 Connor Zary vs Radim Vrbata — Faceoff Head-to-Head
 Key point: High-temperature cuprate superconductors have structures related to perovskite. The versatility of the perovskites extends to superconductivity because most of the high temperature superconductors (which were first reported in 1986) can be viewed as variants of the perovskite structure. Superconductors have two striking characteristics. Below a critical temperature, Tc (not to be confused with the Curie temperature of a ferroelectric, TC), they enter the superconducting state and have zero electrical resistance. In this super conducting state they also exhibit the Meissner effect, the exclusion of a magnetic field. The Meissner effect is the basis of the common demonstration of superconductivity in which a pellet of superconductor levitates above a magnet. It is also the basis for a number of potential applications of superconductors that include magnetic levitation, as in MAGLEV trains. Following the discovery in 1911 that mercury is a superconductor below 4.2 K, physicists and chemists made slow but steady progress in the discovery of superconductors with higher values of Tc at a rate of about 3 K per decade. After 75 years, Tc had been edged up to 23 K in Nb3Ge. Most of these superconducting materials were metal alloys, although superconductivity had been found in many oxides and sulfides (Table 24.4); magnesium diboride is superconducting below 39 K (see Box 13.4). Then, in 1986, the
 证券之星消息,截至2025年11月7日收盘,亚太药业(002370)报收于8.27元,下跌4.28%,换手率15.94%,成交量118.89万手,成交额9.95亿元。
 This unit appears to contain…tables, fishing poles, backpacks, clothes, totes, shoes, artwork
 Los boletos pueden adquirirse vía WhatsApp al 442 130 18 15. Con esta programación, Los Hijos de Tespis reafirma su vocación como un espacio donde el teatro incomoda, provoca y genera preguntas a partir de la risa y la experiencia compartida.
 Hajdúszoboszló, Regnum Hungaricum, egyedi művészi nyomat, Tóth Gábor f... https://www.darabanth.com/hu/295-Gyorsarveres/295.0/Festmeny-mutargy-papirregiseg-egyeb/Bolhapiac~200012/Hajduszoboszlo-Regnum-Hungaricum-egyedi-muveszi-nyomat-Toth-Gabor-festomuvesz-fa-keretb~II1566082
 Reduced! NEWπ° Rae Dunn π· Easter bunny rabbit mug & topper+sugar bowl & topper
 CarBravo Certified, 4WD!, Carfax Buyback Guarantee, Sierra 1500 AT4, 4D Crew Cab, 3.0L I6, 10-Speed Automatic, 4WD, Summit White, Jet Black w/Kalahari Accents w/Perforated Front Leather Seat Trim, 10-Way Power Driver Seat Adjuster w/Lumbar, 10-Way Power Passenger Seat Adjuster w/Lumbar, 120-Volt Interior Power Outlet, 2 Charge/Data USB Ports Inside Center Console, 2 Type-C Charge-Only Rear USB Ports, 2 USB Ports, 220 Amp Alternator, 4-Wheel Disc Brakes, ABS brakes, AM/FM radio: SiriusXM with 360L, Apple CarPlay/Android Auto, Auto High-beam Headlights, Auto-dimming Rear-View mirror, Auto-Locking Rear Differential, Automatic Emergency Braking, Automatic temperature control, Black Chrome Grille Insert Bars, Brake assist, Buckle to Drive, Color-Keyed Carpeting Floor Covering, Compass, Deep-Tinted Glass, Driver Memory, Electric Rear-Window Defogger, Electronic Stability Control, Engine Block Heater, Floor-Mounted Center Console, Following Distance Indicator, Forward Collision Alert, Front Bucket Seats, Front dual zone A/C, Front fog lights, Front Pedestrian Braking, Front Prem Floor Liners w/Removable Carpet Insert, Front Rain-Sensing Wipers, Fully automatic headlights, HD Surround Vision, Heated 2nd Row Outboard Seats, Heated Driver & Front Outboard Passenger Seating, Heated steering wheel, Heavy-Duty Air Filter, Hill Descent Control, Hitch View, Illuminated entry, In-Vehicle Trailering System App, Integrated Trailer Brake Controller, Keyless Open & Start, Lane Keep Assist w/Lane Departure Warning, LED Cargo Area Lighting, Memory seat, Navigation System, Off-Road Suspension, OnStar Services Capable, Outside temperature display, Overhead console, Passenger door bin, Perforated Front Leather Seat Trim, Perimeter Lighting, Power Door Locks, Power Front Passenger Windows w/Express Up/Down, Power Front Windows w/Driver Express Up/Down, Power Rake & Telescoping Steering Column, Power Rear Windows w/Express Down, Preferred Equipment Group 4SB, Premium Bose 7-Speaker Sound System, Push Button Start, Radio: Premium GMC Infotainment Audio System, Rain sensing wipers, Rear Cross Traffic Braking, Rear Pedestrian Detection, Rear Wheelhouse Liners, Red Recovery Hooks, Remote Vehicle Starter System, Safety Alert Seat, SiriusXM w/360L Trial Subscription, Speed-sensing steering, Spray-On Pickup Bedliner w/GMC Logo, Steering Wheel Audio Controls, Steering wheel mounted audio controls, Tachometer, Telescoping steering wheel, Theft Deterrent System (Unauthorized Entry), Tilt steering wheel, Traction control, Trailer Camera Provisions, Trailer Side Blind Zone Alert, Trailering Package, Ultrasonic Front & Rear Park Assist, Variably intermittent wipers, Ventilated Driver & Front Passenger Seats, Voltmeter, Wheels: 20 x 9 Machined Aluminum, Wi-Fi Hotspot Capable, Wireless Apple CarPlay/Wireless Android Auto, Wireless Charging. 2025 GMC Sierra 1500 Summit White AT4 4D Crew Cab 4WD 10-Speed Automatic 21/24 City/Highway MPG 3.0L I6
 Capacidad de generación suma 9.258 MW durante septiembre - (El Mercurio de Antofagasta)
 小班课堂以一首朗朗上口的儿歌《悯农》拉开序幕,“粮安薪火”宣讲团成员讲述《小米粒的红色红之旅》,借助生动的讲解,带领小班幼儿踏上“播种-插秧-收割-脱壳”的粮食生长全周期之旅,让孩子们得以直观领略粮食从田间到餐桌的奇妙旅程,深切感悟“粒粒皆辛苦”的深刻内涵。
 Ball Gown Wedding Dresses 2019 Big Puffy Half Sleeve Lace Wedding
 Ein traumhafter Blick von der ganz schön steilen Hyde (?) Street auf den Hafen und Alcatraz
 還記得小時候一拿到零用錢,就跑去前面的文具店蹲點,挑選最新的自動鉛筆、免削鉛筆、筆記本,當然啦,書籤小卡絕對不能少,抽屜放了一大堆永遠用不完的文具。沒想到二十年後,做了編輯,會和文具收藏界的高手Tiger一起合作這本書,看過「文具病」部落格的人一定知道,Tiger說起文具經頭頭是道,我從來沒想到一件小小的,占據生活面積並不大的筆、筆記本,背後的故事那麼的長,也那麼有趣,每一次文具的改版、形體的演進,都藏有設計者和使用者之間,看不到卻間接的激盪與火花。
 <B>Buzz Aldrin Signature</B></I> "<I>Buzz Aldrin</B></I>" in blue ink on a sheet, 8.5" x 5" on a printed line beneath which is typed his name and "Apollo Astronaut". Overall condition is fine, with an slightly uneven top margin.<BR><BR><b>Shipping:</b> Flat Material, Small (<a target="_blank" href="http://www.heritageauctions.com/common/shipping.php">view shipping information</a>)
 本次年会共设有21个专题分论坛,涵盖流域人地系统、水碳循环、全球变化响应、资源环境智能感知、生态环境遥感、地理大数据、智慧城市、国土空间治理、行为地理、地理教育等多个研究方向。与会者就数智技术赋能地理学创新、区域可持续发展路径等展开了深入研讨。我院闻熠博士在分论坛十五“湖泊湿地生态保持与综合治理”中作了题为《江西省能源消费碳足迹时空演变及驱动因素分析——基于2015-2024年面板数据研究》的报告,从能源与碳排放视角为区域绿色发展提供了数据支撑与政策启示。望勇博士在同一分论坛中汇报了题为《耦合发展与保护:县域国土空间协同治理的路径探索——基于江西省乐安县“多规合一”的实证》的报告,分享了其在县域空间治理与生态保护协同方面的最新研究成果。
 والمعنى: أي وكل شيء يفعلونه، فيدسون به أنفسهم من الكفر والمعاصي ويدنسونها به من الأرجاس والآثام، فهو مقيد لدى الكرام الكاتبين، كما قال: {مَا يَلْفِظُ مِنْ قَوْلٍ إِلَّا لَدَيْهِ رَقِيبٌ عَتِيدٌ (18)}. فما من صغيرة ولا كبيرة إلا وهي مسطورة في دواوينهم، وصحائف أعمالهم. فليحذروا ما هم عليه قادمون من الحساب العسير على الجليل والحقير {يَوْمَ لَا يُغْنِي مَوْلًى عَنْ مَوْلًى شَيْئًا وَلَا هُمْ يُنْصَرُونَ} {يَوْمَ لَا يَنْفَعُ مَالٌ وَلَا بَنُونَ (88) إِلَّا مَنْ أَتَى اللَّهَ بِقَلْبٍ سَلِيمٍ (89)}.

———

### Problem:
Starting with the line that holds "小班课堂以一首朗朗上口的儿歌" and ending with the line that holds "本次年会共设有21个专题分论", retype every line in the data above exactly, and nothing else.

### Exercise solution:
 小班课堂以一首朗朗上口的儿歌《悯农》拉开序幕,“粮安薪火”宣讲团成员讲述《小米粒的红色红之旅》,借助生动的讲解,带领小班幼儿踏上“播种-插秧-收割-脱壳”的粮食生长全周期之旅,让孩子们得以直观领略粮食从田间到餐桌的奇妙旅程,深切感悟“粒粒皆辛苦”的深刻内涵。
 Ball Gown Wedding Dresses 2019 Big Puffy Half Sleeve Lace Wedding
 Ein traumhafter Blick von der ganz schön steilen Hyde (?) Street auf den Hafen und Alcatraz
 還記得小時候一拿到零用錢,就跑去前面的文具店蹲點,挑選最新的自動鉛筆、免削鉛筆、筆記本,當然啦,書籤小卡絕對不能少,抽屜放了一大堆永遠用不完的文具。沒想到二十年後,做了編輯,會和文具收藏界的高手Tiger一起合作這本書,看過「文具病」部落格的人一定知道,Tiger說起文具經頭頭是道,我從來沒想到一件小小的,占據生活面積並不大的筆、筆記本,背後的故事那麼的長,也那麼有趣,每一次文具的改版、形體的演進,都藏有設計者和使用者之間,看不到卻間接的激盪與火花。
 <B>Buzz Aldrin Signature</B></I> "<I>Buzz Aldrin</B></I>" in blue ink on a sheet, 8.5" x 5" on a printed line beneath which is typed his name and "Apollo Astronaut". Overall condition is fine, with an slightly uneven top margin.<BR><BR><b>Shipping:</b> Flat Material, Small (<a target="_blank" href="http://www.heritageauctions.com/common/shipping.php">view shipping information</a>)
 本次年会共设有21个专题分论坛,涵盖流域人地系统、水碳循环、全球变化响应、资源环境智能感知、生态环境遥感、地理大数据、智慧城市、国土空间治理、行为地理、地理教育等多个研究方向。与会者就数智技术赋能地理学创新、区域可持续发展路径等展开了深入研讨。我院闻熠博士在分论坛十五“湖泊湿地生态保持与综合治理”中作了题为《江西省能源消费碳足迹时空演变及驱动因素分析——基于2015-2024年面板数据研究》的报告,从能源与碳排放视角为区域绿色发展提供了数据支撑与政策启示。望勇博士在同一分论坛中汇报了题为《耦合发展与保护:县域国土空间协同治理的路径探索——基于江西省乐安县“多规合一”的实证》的报告,分享了其在县域空间治理与生态保护协同方面的最新研究成果。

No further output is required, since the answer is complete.